Given data:

== Segment start ==

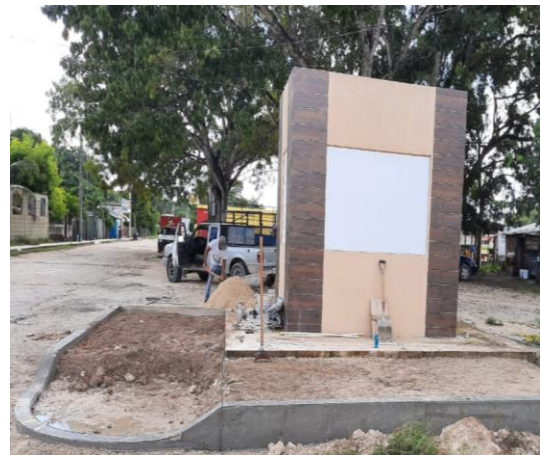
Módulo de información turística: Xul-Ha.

== Segment end ==
== Segment start ==

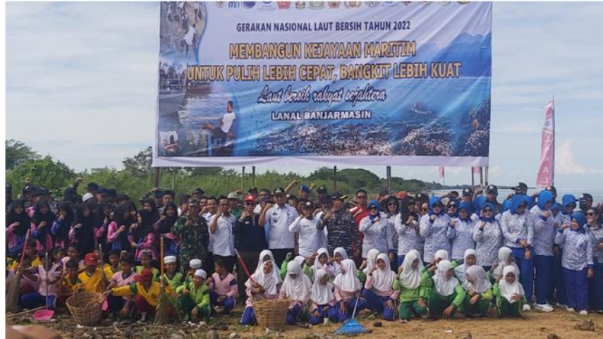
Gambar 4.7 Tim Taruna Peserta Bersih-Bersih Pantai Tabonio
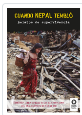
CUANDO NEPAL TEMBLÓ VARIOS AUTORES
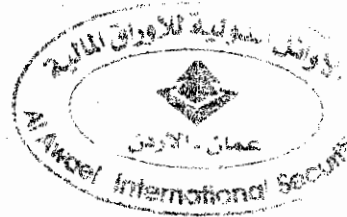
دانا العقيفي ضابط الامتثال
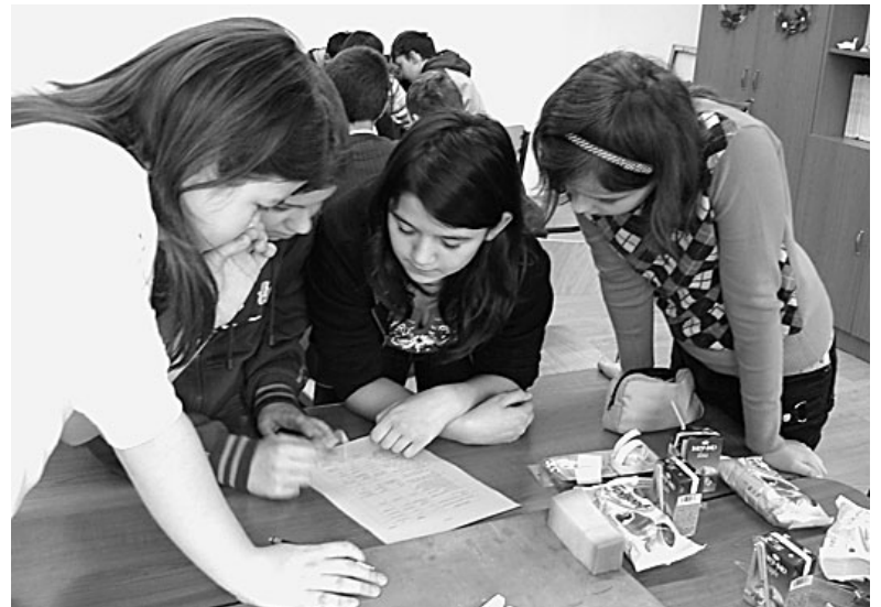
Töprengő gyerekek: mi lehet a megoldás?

== Segment end ==

Requirement:
Of the lines above, copy only those from the one holding "دانا العقيفي ضابط الامتثال" to the one holding "Töprengő gyerekek: mi lehet a megoldás?", both included, and exclude every image.

Result for this exercise:
دانا العقيفي ضابط الامتثال
Töprengő gyerekek: mi lehet a megoldás?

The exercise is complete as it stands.